Ce magistrat a rendu compte des plaidoiries dans le délibéré de la Cour composée de :
Madame Emmanuelle TRIOL, Présidente de chambre
Monsieur Benjamin FAURE, Conseiller
Madame Katherine DIJOUX, Conseillere
Greffier lors des débats : Madame Séverine HOUSSARD.
Les parties ont été avisées que le prononcé de la décision aurait lieu par mise à disposition au greffe le 16 Décembre 2025.
ARRÊT
Contradictoire,
Prononcé par mise à disposition au greffe le 16 Décembre 2025
Signé par Madame Emmanuelle TRIOL, Présidente de chambre et Madame Séverine HOUSSARD, greffier auquel la minute de la décision a été remise par le magistrat signataire.
************
EXPOSE DES FAITS ET DE LA PROCEDURE
Le16 février 2016, la [1], aux droits de laquelle vient aujourd’hui l’URSSAF [4], a décerné à l’encontre de M. [L] [N] une contrainte, d’un montant de 6 139 euros, au titre des cotisations et majorations de retard dues pour le 3ème trimestre 2015. La contrainte a été signifiée le 17 mars 2016.

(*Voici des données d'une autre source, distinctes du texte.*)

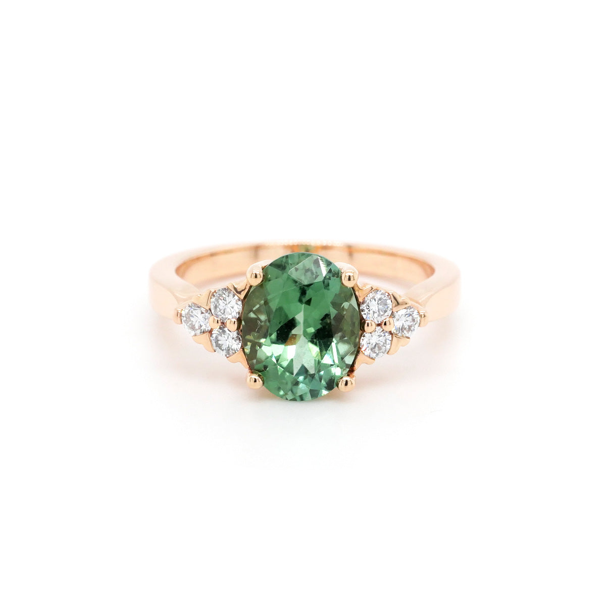 Discover the allure of this rose gold ring, featuring an enchanting central oval-cut Green Tourmaline flanked by three round-brilliant Diamonds on each side. The warm hues of the rose gold beautifully complement the deep green of the Tourmaline, while the diamonds add a touch of timeless elegance. This ring is a masterpiece of design and craftsmanship, perfect for those who appreciate the unique combination of luxury and natural beauty.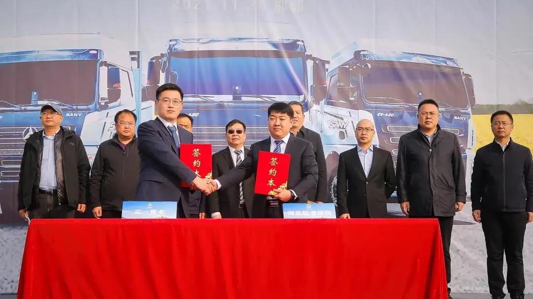 11月28日,三一重卡与河北陆港保税物流公司在河北武安签署500台新能源卡车战略采购协议。武安市政府党组成员、工业园区党工委书记、管委会主任胡存喜,河北陆港保税物流有限公司董事长张城久,三一集团副总裁周万春等出席签约仪式。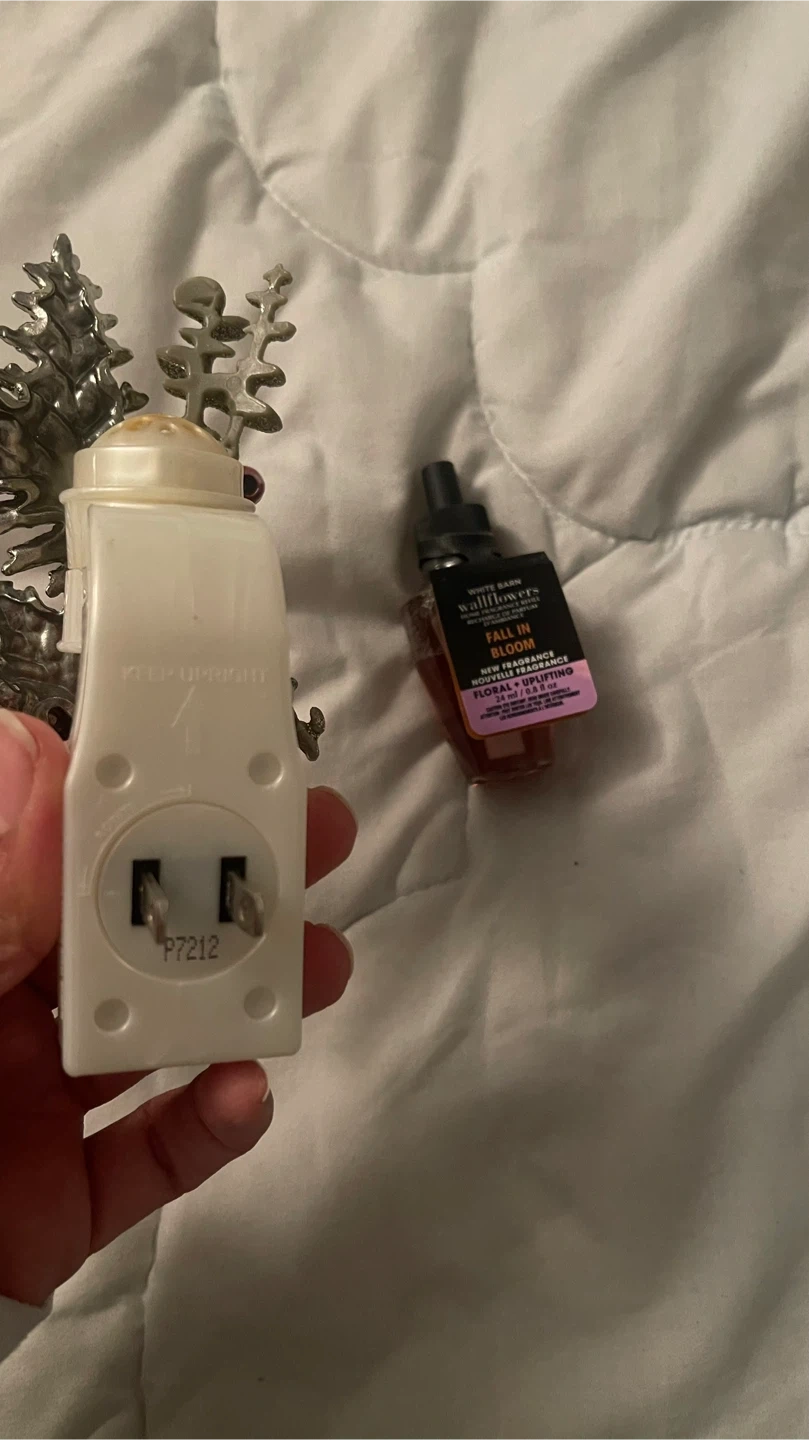 Selling a Bath & Body Works Wallflowers plug with a Fall in Bloom refill. The refill is a floral and fruity scent with notes of crisp apple, wild berries, and sugared plum. Perfect for adding a cozy autumn fragrance to your home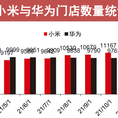 根据中信证券的研究,截止到 2021 年底小米一共有 11,929 家线下门店(含服务网点、授权店和小米之家);华为一共有 9,552 家门店。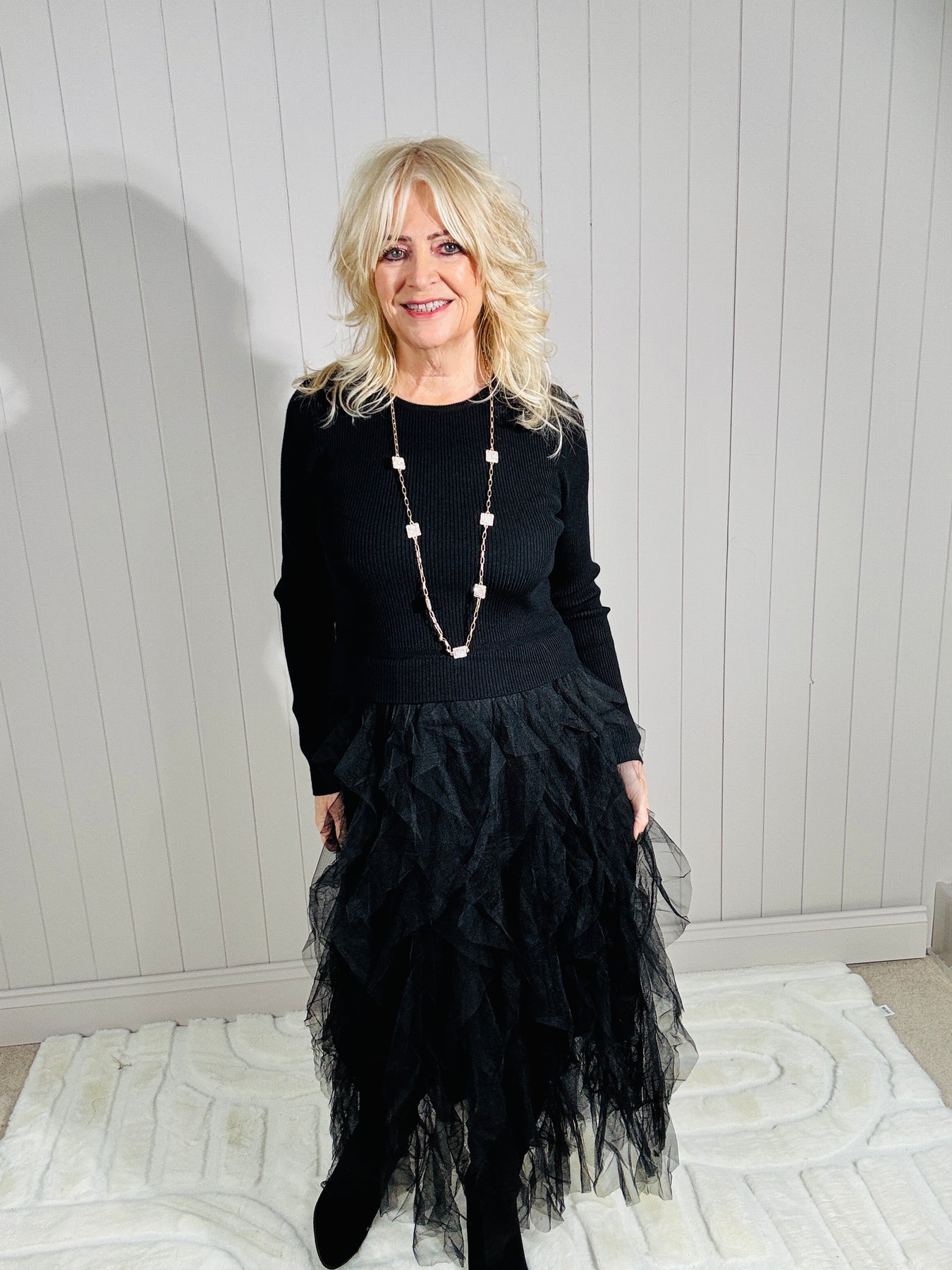 Make an entrance with the Violetta Tulle Dress – a glamorous statement piece with a hint of romance. The soft knitted top offers comfort and stretch, while the layered ruffled tulle skirt adds drama and movement for the ultimate show stopping look. Perfect for parties, festive occasions and elegant evenings out.

Le22 mars 2016, M. [N] a saisi le tribunal des affaires de sécurité sociale des Bouches-du-Rhône d’une opposition à la contrainte.

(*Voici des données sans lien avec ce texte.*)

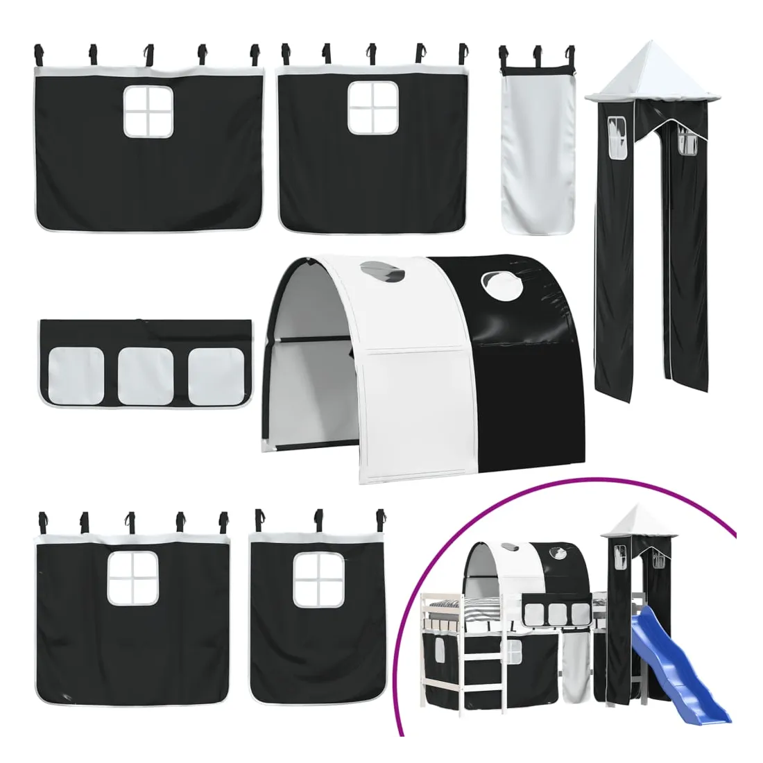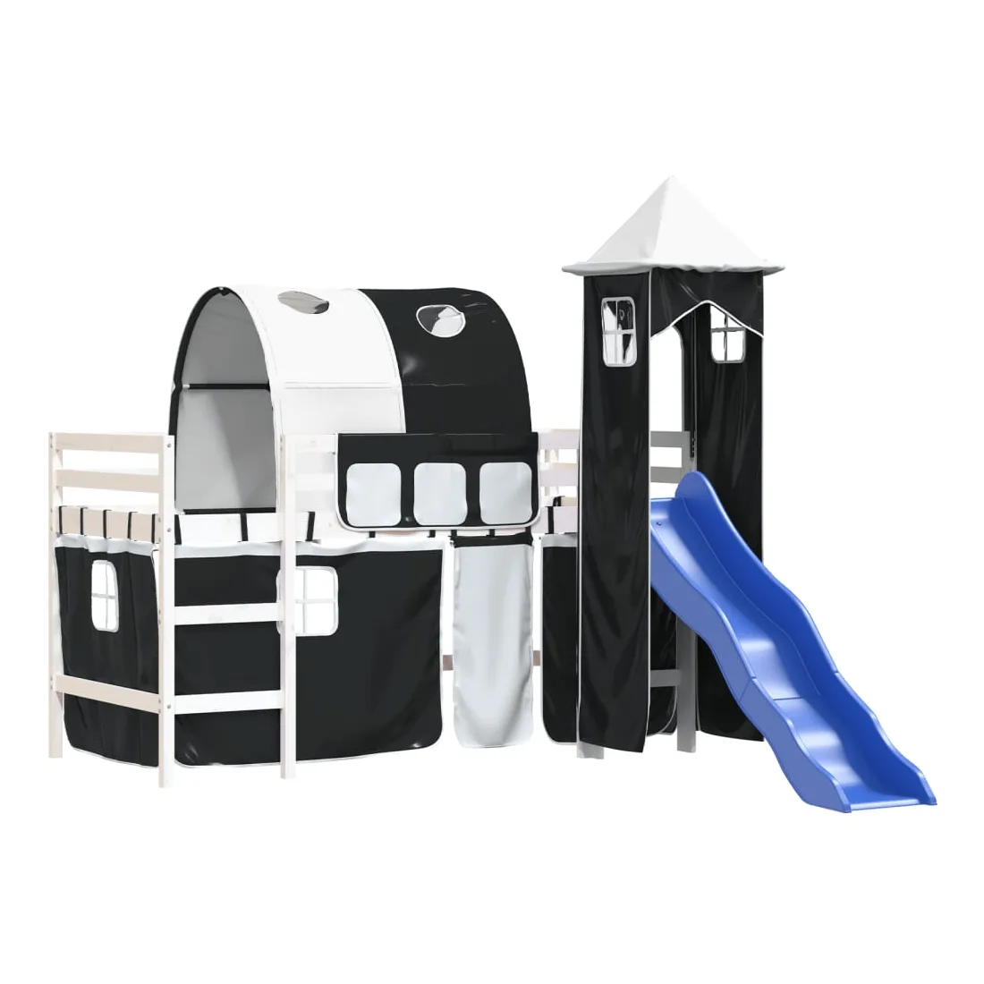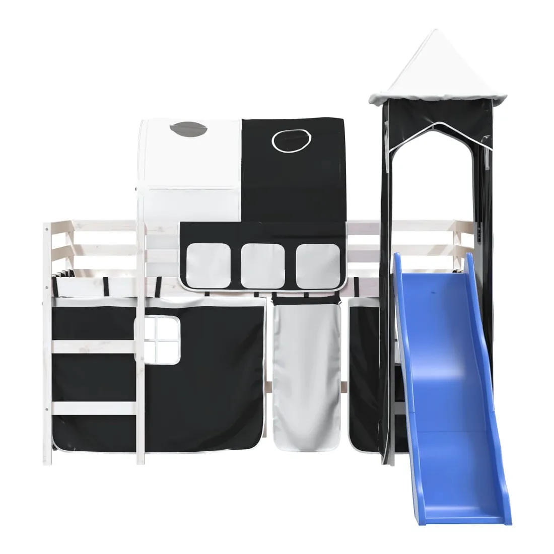 Lit mezzanine enfants et tour sans matelas blanc noir 80x200cm

Par jugement contradictoire du 12 septembre 2024, le pôle social du tribunal judiciaire de Marseille a :
— rejeté l’exception de péremption,
— déclaré l’opposition à contrainte recevable,
— rappelé que le jugement se substitue à la contrainte,
— condamné M. [N] à payer à l’URSSAF [4] la somme ramenée à 5 550,11 euros au titre des sommes dues pour la période du 3ème trimestre 2015,
— condamné le même aux frais de signification de la contrainte,
— rappelé que le jugement est exécutoire de roit par provision,
— laissé les dépens à la charge de M. [N].
Le tribunal a, en effet, considéré que :
— l’affaire avait fait l’objet d’un retrait du rôle à la demande des parties et non d’une radiation et aucune diligence n’avait été mise à la charge des parties;
— il incombe à l’opposant de rapporter la preuve du caractère infondé de la contrainte;
— il n’est pas démontré que M. [N] a communiqué ses déclarations de revenus à l’organisme;
— l’URSSAF a pu évaluer forfaitairement les cotisations avant de les calculer de manière définitive dès qu’elle a eu connaissance des revenus et charges du cotisant.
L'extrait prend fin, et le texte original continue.